Преступление падре Амаро. Переписка Фрадике Мендеса - Жозе Мария Эса де Кейрош
Шрифт:
Интервал:
Закладка:
Амаро начал топать ногами по полу и тереть озябшие руки.
– Мы тут непременно схватим простуду, – сказал он наконец. Плиты ледяные… Право же, лучше подождать наверху, в столовой…
– Нет, нет! – прошептала она.
– Пустое! Маменька рассердится… Ступайте, Дионисия, зажгите наверху свет.
Почтенная матрона вспорхнула по лестнице, как ветерок.
Падре Амаро взял Амелию за руку и сказал совсем тихо:
– Почему нет? Чего ты боишься? Пустяки, право. Вот только переждем дождь. Скажи…
Она молчала, тяжело дыша. Амаро положил руку ей на плечо, на грудь, сжал ее сквозь шелк. Амелия вся затрепетала – и словно в беспамятстве пошла вслед за ним по лестнице; уши ее горели, она спотыкалась на каждой ступеньке о подол платья.
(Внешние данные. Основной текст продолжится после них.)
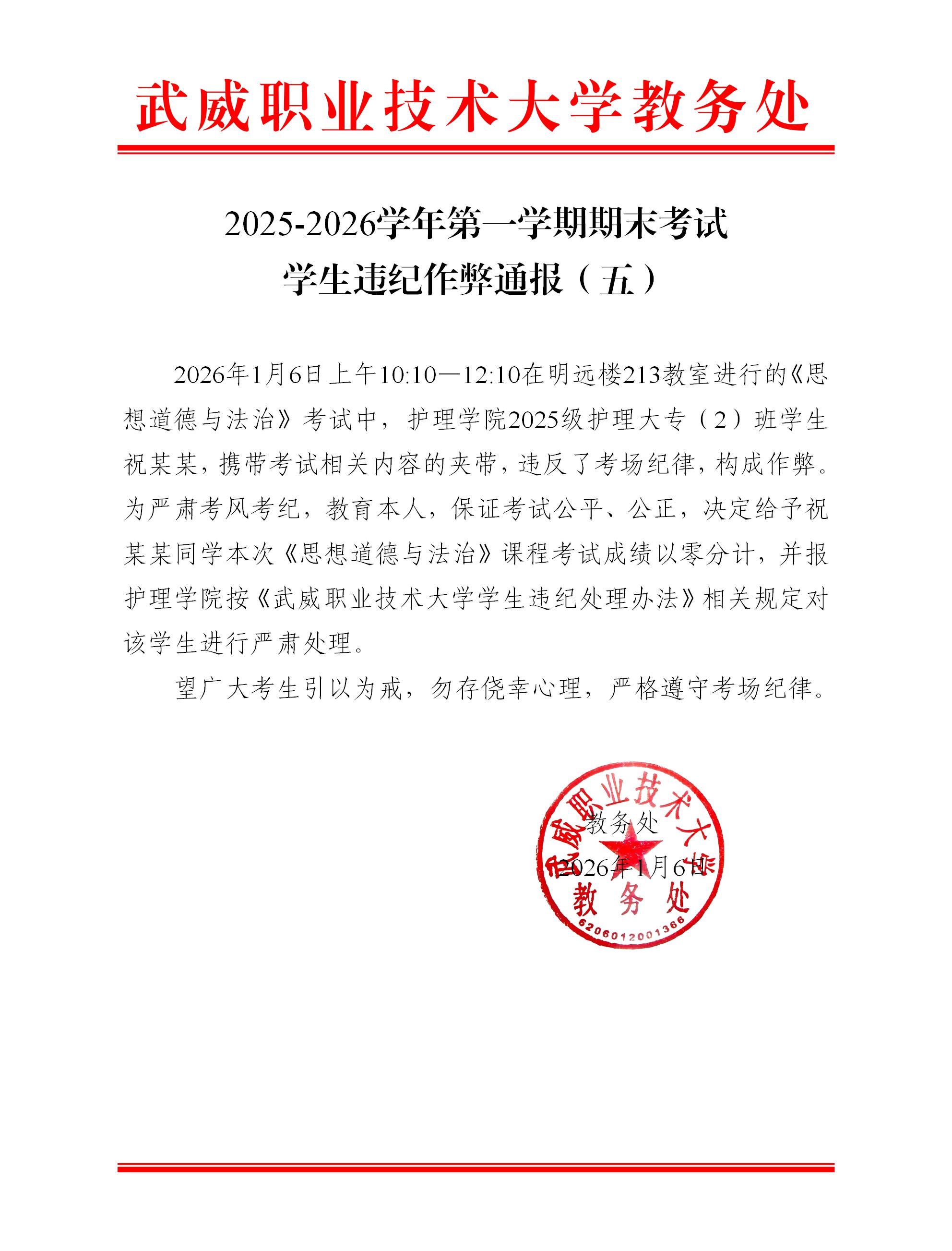 2025-2026學(xué)年第一學(xué)期期末考試學(xué)生違紀作弊通報(五)
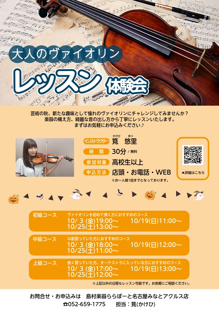 ![CONTENTS憧れのバイオリン、始めませんか?体験会の日程のご案内オンラインレッスンも可!お申込みはこちらインストラクタープロフィールお問い合わせ憧れのバイオリン、始めませんか? 皆様こんにちは。バイオリンインストラクターの筧です。新たな挑戦として、憧れのバイオリンを始めてみませんか?30分のバイ […]](https://www.shimamura.co.jp/shop/nagoya-aquls/wp-content/uploads/sites/186/2023/01/20230127-ae6177ab-29b8-4165-97a7-bafe64ac666b.jpeg)

– Сюда, тут моя комната, – шепнул он, а сам побежал на кухню. Дионисия зажигала свечу.
– Милая Дионисия, видите ли… Я решил исповедать менину Амелию. Серьезный вопрос совести… Вернитесь через полчаса. Нате, возьмите. – И он сунул ей в руку три серебряных монеты.
Дионисия сбросила башмаки, на цыпочках сбежала вниз по лестнице и заперлась в кладовке с углем.
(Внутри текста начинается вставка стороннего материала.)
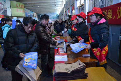 為進一步建設平安蓮都,共創和諧社會,2月13日上午,東站借春運來往旅客多、宣傳效果廣泛的契機,聯合巖泉街道在東站候車廳內向廣大旅客宣傳“珍愛生命,遠離毒品”。社區禁毒干事趙素珍女士和東站春運志愿者服務隊的隊員們,向廣大旅客、車主和職工發放了禁毒宣傳資料手冊、青少年禁毒漫畫等禁毒宣傳資料;同時還給現場的旅客耐心講解了毒品的危害。通過此次宣傳活動,使廣大旅客進一步認清毒品的危害,增強自我保護的意識,自覺抵制和遠離毒品。
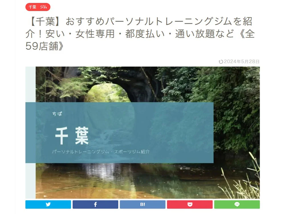 稲毛海岸店が「 B-MAKE」の記事」に掲載されました。「【千葉】おすすめパーソナルトレーニングジムを紹介!安い・女性専用・都度払い・通い放題など《全59店舗》」
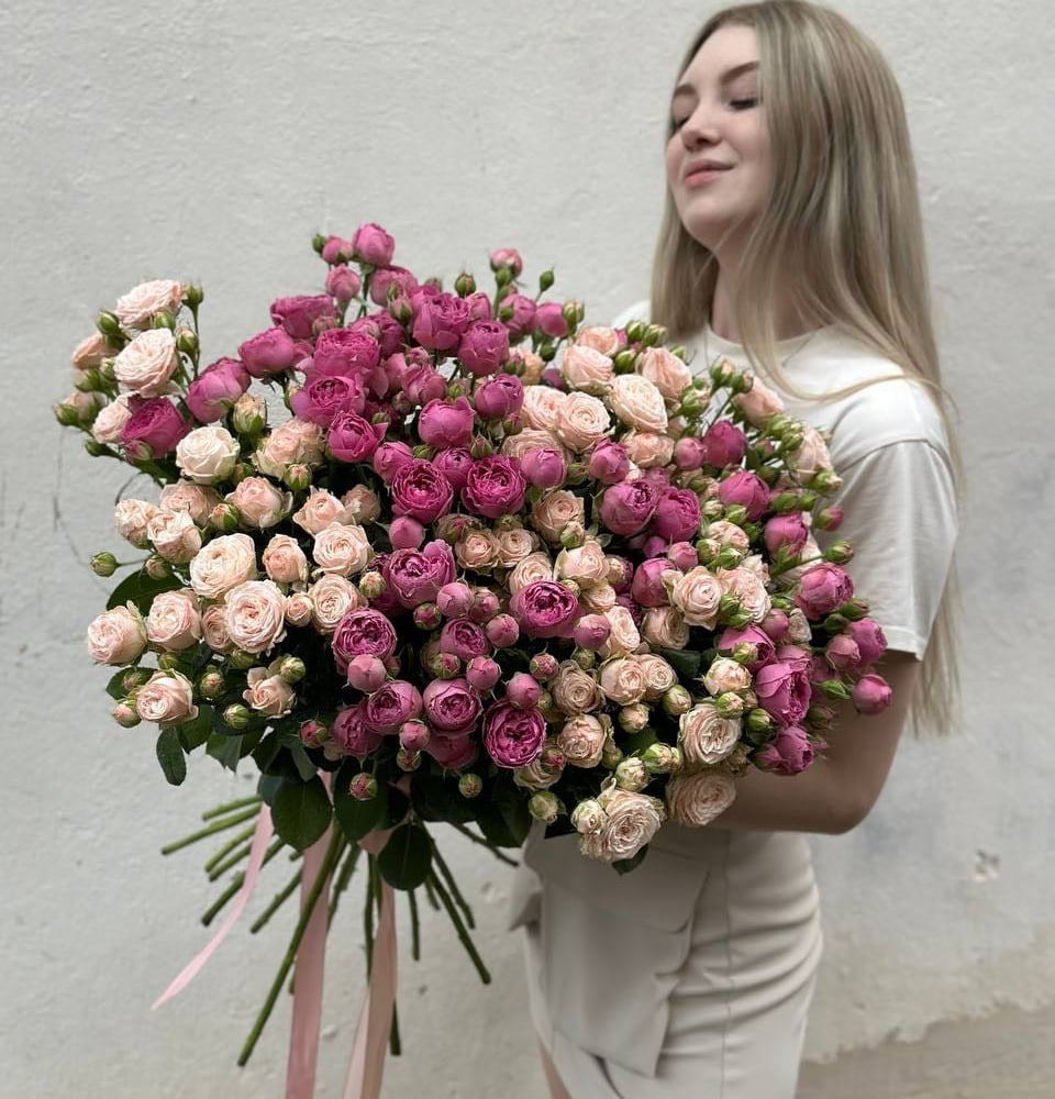 Пышный букет из двух сортов кустовых роз нежного и яркого цвета 🥰 Здесь 35 веточек💕 От нас – Бережная транспортировка букета, инструкция по уходу за розами, открытка с вашими пожеланиями 🥰❤️

Он вернулся к себе со свечой. Амелия, белая как полотно, неподвижно стояла посреди комнаты. Священник запер дверь и молча двинулся к ней, стиснув зубы и сопя, как бык.
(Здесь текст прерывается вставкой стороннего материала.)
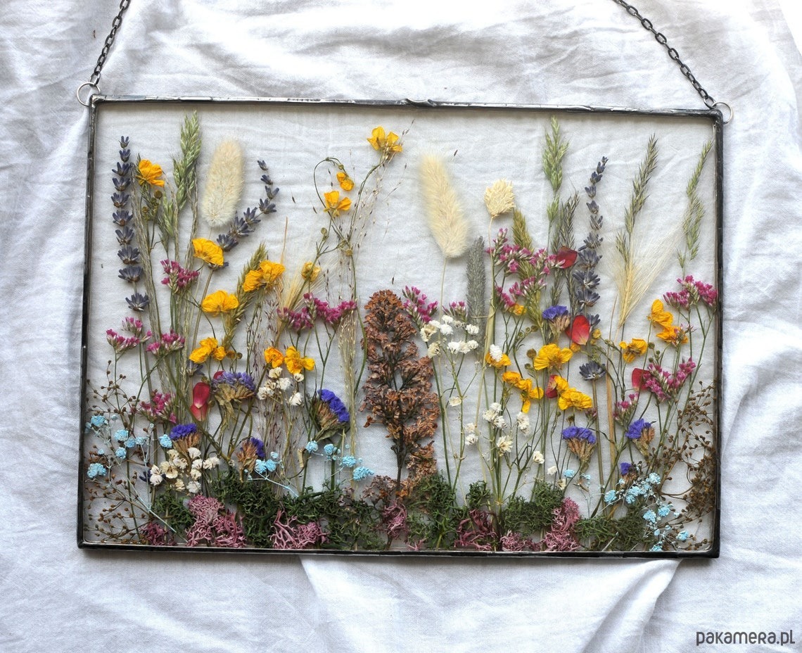 Szklany witraż formatu A4 z dekoracją z suszonych kwiatów i polnych roślin.

Полчаса спустя Дионисия кашлянула на лестнице. Амелия сразу же вышла, закутанная почти с головой в свою шаль; когда она отворила дверь на улицу, мимо проходили двое пьяных. Амелия быстро отступила в темную прихожую. Через минуту Дионисия опять высунулась на улицу; там никого не было.
– Можно идти, менина…
Амелия надвинула край шали на глаза, и обе женщины торопливо зашагали к улице Милосердия. Дождь перестал; на небе высыпали звезды; холодный сухой воздух предвещал ясную погоду.
XVI
Утром, взглянув на лежавшие у изголовья часы и увидя, что пора идти в собор, Амаро весело вскочил с кровати. Он натягивал старое пальто, служившее ему халатом, и вспоминал такое же утро в Фейране, когда он проснулся с чувством жесточайшего раскаяния: накануне он бесстыдно согрешил с коровницей Жоаной на куче соломы в хлеву. С таким пятном на совести он не посмел служить мессу. Грех давил его душу. Он считал себя грязным, оскверненным, готовым для ада – как учили отцы церкви и святейший Тридентский собор.[122] Трижды приближался он к порогу часовни и трижды отступал в страхе. Он был уверен, что стоит ему прикоснуться к святым дарам вот этими руками, которые еще вчера задирали юбки коровницы, – и церковь немедленно рухнет или же перед ним возникнет, блистая доспехами, святой Михаил-архистратиг с занесенным над головой мечом и загородит от него алтарь! Амаро оседлал лошадь и два часа трусил среди глиняных карьеров, чтобы исповедаться в Гралейре у доброго аббата Секейры… То было время невинности, преувеличенного благочестия и страхов, какие терзают лишь новичка! Теперь он трезво смотрит на реальный мир и реальных людей. Все эти аббаты, каноники, кардиналы и монсеньоры никогда не грешат в хлеву на соломе. Нет! Они делают это со всеми удобствами, в уютных альковах, а на столике рядом с постелью им сервируют ужин. И церкви не рушатся, и Михаил-архангел не беспокоит себя ради такой малости. Нет, не это страшно – страшна Дионисия. Он слышал ее возню и покашливание на кухне и не решался крикнуть, чтобы она принесла воды для бритья. Ему было неприятно, что эта многоопытная особа знает его тайну и может чувствовать себя хозяйкой положения. Конечно, болтать она не станет: скромность – ее профессия; за несколько фунтов[123] можно купить ее молчание. Но щепетильность служителя Божия страдала от мысли, что бывшая содержанка стольких гражданских и военных начальников, успевшая за полстолетия замарать свое жирное тело во всех городских нечистотах, ныне посвящена в его слабости, в низменные вожделения, снедавшие его под покровом иерейских риз. Лучше бы свидетелями вчерашней вспышки были Силверио или Натарио: они, по крайней мере, свои люди!.. Ему было противно терпеть взгляд этих циничных глаз, которые не опустятся ни перед суровостью сутаны, ни перед блеском мундира, ибо твердо знают, что под ними томится желаниями все та же презренная животная плоть…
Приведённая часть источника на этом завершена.